My favorite treat is Brasserie Dupont _Moinette_, a Belgian farmhouse-style ale that is relatively easy to find in H-town.

Some of my favorites sampled on recent trips to England would include York Brewery's _Centurion's Ghost_, Peak Ales _DPA _(brewed on the grounds of Chatsworth House in Derbyshire), Fullers' _Chiswick Ale_, and Jenning's _Sneck Lifter_.


----------



## brianhewitt (Jul 10, 2007)

Old Speckled Hen is pretty good stuff, and Alaskan Amber was a favorite of mine for quite a while. It was available Portland, OR, but you can't get Alaskan Amber here in Hotlanta.

Hoegaarden is a beauty also. My wife an I used to drink that all the time while we were dating.


----------



## brow78 (Aug 14, 2007)

Harp, crystal vissen, heffen vissen, saparro, mich light all fine beers I could actually go on for days with this thread.
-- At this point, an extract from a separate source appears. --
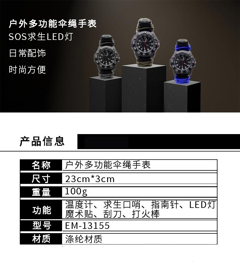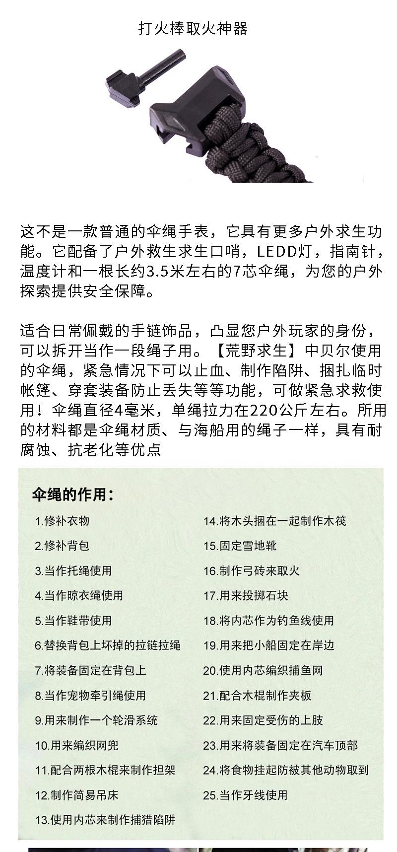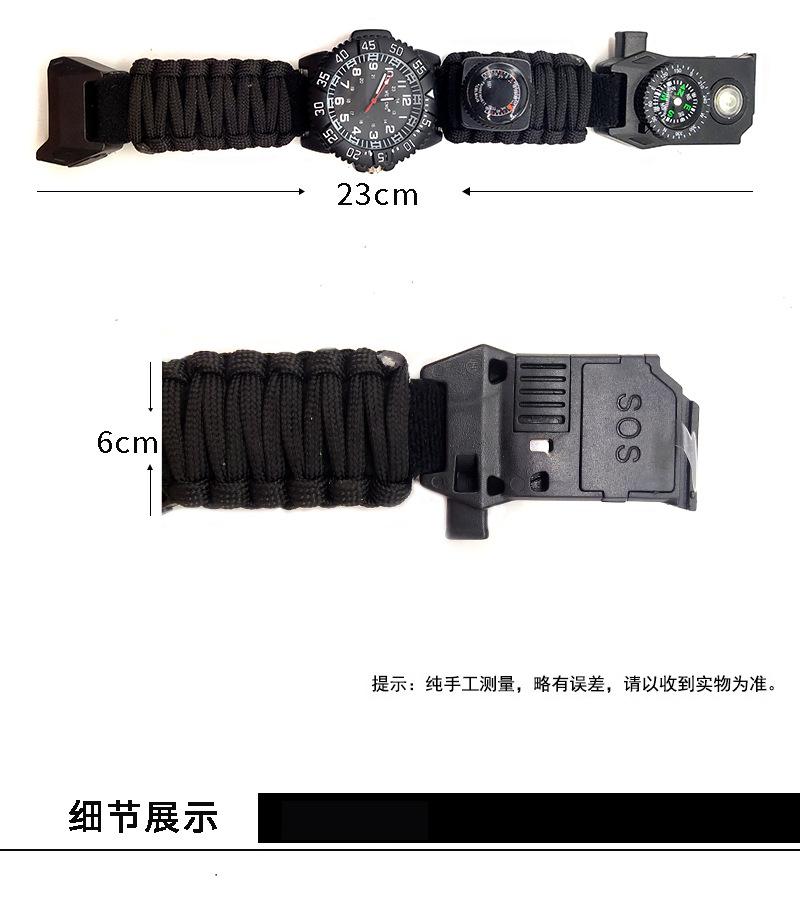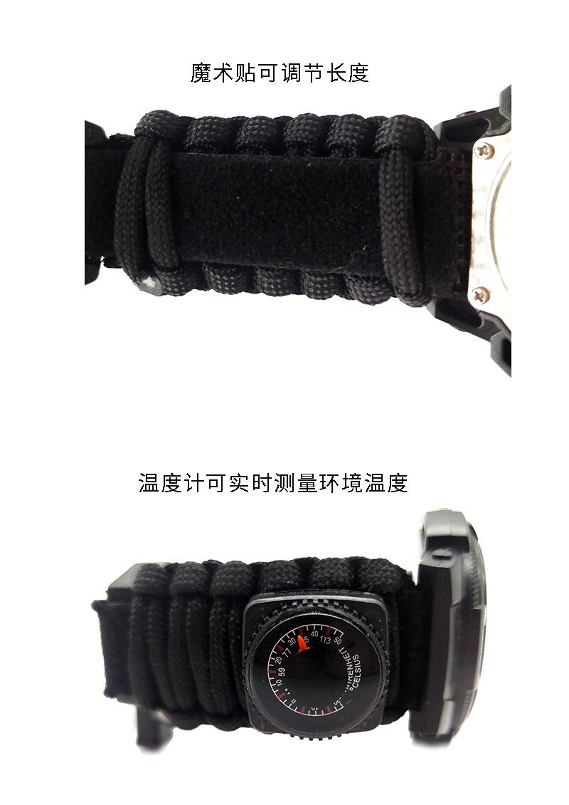 Componentes del producto: brújula, cabeza de reloj, cuerda de paracaídas de nailon, etc.

Though the best beer is always the ones your drink in the company of great friends with cigars and sports in the back round.


----------



## Wingfan13-cl (Apr 30, 2007)

Milwaukees Best Ice


----------



## baboruger (Jun 18, 2007)

Corona Gigante said:


> _Old Speckled Hen_ is what I've been drinking the most of recently.
> 
> My favorite treat is Brasserie Dupont _Moinette_, a Belgian farmhouse-style ale that is relatively easy to find in H-town.
> 
> Some of my favorites sampled on recent trips to England would include York Brewery's _Centurion's Ghost_, Peak Ales _DPA _(brewed on the grounds of Chatsworth House in Derbyshire), Fullers' _Chiswick Ale_, and Jenning's _Sneck Lifter_.
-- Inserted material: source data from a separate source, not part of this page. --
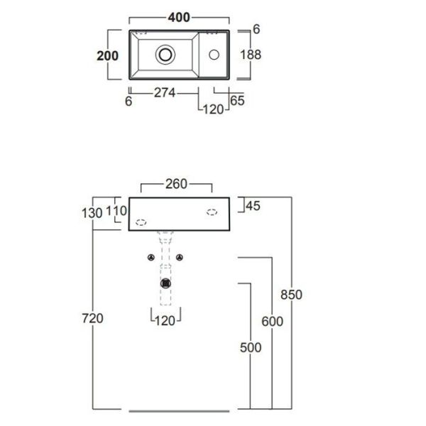 - Отверстия под смеситель:1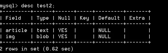 alter table test2 add img blob;6.3 日期时间类型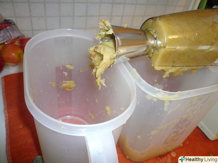 Пропустіть приготовані яблука через сито.поставте два контейнери під випускні отвори. Один для пюре, один для плодоніжок / насіння і т. д.

Old Specked Hen is really good stuff, I have a hard time finding it around here. I love their bottles...


----------



## Labman (May 27, 2007)

Okay, it isn't fancy or micro-brewed or anything like that...but my favourite beer is good old Molson Canadian! :dribble:


----------



## zion698 (Jul 13, 2007)

Kalik Gold ... it's a Bahamian beer. I am Bahamian so I might be bias.
www.kalik.com/


----------



## Slow Triathlete (Jun 14, 2007)

Blackened Voodoo out of New Orleans.

This beer goes with any cigar!!!


----------



## cigarsarge-cl (Mar 31, 2007)

CBCyclone said:


> On my recent Alaskan vacation I discovered the Alaskan Brewing Company products. The cruise ship had Alaskan Amber (an alt beer), Alaksan Summer Ale and Alaskan ESB (Extra Special Bitter).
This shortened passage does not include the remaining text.